What about this one?
Thermaltakeusa»Chassis»Spedo Series»Spedo : Spedo VI90001N2Z

How does this fare against the stormtrooper?

I have changed my mind for 560ti and going for a single AMD HD 7870. Should I stick to the PSU I chose or is it overkill? (I dont plan on a second card soon but I am definitely going to OC my components)


----------



## saikiasunny (Jul 2, 2012)

Get the storm trooper. The spedo is a little outdated . For psu get something from the corsair tx or hx series or the CM silent pro-m will be good too. 650w will be enough for the rig.


----------



## warfreak (Jul 3, 2012)

> For psu get something from the corsair tx or hx series or the CM silent pro-m will be good too. 650w will be enough for the rig.



What is the difference between tx and hx series? I see there is almost 2k of price difference between the two.


----------



## the_conqueror (Jul 3, 2012)

TX is non modular, HX is semi-modular.


----------



## saikiasunny (Jul 3, 2012)

Also the hx650 offers 4 pcie connectors compared to the tx series.


----------



## MegaMind (Jul 7, 2012)

The Sorcerer said:


> CM Storm Trooper gets another vote.



How about storm stryker?


----------



## saikiasunny (Jul 7, 2012)

MegaMind said:


> How about storm stryker?



Same cabby as the trooper, with a great white theme.
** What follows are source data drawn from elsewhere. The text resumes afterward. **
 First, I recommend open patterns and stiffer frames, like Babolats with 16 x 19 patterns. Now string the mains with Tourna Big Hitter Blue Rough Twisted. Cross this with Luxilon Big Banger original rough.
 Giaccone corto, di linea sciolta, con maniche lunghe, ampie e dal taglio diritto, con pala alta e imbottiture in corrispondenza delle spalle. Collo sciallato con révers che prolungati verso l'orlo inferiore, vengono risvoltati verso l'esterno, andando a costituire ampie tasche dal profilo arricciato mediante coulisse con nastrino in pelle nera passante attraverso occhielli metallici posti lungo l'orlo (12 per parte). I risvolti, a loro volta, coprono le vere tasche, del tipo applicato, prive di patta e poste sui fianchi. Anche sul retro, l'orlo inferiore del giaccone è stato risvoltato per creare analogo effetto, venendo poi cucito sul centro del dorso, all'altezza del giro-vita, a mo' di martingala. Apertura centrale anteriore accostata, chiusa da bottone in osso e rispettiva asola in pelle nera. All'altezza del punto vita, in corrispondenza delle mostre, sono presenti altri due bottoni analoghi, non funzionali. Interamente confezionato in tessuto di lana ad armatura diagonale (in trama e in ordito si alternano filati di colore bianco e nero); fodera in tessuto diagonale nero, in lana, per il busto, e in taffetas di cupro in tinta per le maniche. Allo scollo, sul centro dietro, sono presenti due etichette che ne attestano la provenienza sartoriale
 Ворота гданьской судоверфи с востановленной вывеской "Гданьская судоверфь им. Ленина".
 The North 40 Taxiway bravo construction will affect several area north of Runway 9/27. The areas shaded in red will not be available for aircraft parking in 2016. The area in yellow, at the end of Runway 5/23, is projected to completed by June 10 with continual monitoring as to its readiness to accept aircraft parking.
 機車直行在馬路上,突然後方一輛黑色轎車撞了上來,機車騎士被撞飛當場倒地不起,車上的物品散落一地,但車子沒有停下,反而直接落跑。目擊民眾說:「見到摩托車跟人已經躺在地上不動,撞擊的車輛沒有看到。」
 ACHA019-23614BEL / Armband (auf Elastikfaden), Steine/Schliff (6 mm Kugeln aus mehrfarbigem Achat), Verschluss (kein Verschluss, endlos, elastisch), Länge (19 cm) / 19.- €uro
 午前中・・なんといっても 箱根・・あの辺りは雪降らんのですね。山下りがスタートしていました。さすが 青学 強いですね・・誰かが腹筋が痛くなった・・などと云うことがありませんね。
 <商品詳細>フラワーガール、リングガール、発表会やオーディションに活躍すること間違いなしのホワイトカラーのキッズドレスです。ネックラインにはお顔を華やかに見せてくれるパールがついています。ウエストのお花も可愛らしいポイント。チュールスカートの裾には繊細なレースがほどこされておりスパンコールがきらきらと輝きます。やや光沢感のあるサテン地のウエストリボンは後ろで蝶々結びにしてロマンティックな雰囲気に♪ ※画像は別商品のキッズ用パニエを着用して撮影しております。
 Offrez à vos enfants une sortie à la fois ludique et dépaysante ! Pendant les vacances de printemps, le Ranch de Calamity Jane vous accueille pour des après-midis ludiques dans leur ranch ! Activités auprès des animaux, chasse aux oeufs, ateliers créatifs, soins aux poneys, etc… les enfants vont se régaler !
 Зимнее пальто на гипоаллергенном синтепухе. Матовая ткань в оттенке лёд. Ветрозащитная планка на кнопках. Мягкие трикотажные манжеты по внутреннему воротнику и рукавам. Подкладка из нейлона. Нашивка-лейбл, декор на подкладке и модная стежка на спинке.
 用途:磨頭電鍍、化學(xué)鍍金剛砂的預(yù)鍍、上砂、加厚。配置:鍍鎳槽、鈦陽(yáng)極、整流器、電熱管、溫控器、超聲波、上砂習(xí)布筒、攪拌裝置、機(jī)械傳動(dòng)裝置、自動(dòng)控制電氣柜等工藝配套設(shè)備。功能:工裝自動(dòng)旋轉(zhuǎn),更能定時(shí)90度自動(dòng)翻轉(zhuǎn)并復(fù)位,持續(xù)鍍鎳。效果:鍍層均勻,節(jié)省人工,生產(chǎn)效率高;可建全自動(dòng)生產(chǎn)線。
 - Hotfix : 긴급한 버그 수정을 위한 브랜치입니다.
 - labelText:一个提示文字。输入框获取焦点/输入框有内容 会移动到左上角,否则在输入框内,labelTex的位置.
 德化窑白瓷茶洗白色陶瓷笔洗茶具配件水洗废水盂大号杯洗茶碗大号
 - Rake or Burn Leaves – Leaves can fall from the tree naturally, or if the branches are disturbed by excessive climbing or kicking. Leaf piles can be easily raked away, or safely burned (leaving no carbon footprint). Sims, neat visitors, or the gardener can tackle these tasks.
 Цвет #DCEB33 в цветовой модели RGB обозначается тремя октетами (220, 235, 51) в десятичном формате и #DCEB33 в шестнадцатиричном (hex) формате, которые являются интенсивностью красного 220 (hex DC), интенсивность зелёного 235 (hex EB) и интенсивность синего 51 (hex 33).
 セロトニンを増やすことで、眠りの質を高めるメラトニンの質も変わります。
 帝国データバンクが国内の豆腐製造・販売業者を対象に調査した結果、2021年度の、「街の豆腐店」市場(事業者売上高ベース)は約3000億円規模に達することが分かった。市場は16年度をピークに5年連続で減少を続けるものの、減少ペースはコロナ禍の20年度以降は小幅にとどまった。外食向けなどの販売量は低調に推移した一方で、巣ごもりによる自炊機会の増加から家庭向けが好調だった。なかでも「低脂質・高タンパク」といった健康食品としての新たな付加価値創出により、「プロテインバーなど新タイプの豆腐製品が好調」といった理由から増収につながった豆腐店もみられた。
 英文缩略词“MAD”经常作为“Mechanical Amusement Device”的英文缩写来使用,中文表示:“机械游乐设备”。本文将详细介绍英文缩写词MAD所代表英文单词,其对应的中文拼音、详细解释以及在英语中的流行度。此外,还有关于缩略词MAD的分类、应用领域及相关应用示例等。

But won't it take time to arrive on indian shores?


----------



## MegaMind (Jul 7, 2012)

saikiasunny said:


> Same cabby as the trooper, with a great white theme. But won't it take time to arrive on indian shores?



Cooler Master Storm Stryker


----------



## saikiasunny (Jul 7, 2012)

^^ thanks for informing me megamind . OP get the cm stryker now


----------



## d6bmg (Jul 8, 2012)

MegaMind said:


> Cooler Master Storm Stryker



Why there is no warranty? 
May be because it is not launched formally in India? 

@The Sorcerer: Can you enlighten us about this matter?


----------



## The Sorcerer (Jul 8, 2012)

Well- its not listed in Coolermaster India's site- so most likely they must have directly imported it themselves rather than via the distribution channel. CM India didn't give me a heads-up about the availability of this case here so I don't think its here...

You can ask in CM India's facebook page though they're pretty regular when it comes to replying back...


----------



## d6bmg (Jul 9, 2012)

^ Thanks for the tip. Just posted in their fb page. Let see what answer they come up with.


----------



## The Sorcerer (Jul 9, 2012)

There's no need to . Sanket from Coolermaster already mentioned it one of the replies of the posts there that stryker is available now and its via SMC. Personally I doubt a single store can import a heavy case like that and sell it on that price- unless he's a large sized distributor. Chances are that its a typo. Just call them and confirm it. Maybe its parallel import, maybe its not. If its questionable then order it via SMC.

Problem solved.


----------



## The Sorcerer (Jul 16, 2012)

This is what IT Depot said:
Hi Roshan

I have read some of your articles on your blog and have heard about you through the tech enclave channel. There was this matter brought up to me regarding the cooler master cabinet for which we had mentioned as "no warranty" and you had mentioned that it has two years warranty. Our team had checked and then they came up to me stating that the distributor is saying that there is no warranty I had told them to double check. Now they have come back and said that it does not have any warranty.

We were distributing ANTEC Chassis before we used to give warranty on the Fans that came with the Chassis. I am assuming that the distributor will have the same policy. I will double check and update. The cabinet by itself I do not think has a warranty. I mean if a front panel breaks I do not think it is covered in warranty. 

Please let me know if you have any interesting news or reviews to share we will update a link on our facebook page.

Thank You

Warm regards

Shunmugavel Yogan
Managing Director
Cyber Space Abacus Pvt Ltd

*Edit 1*: So.. apparently IT Depot sent a letter to the distributor and distributor sent the mail to CM India. Its cleared now and I think IT depot (and hopefully dealers/online dealers will clarify). CM Called and confirmed the below:

The warranty is of 2 years. 2 years specifically for electric part of the case. CM also said that in the case of rusting in front panels on same cases, they have dealt with it on case to case basis. I think some of it was solved in TE's CM section.


----------



## d6bmg (Jul 17, 2012)

^^ Thanks a lot for clarification about this matter.


----------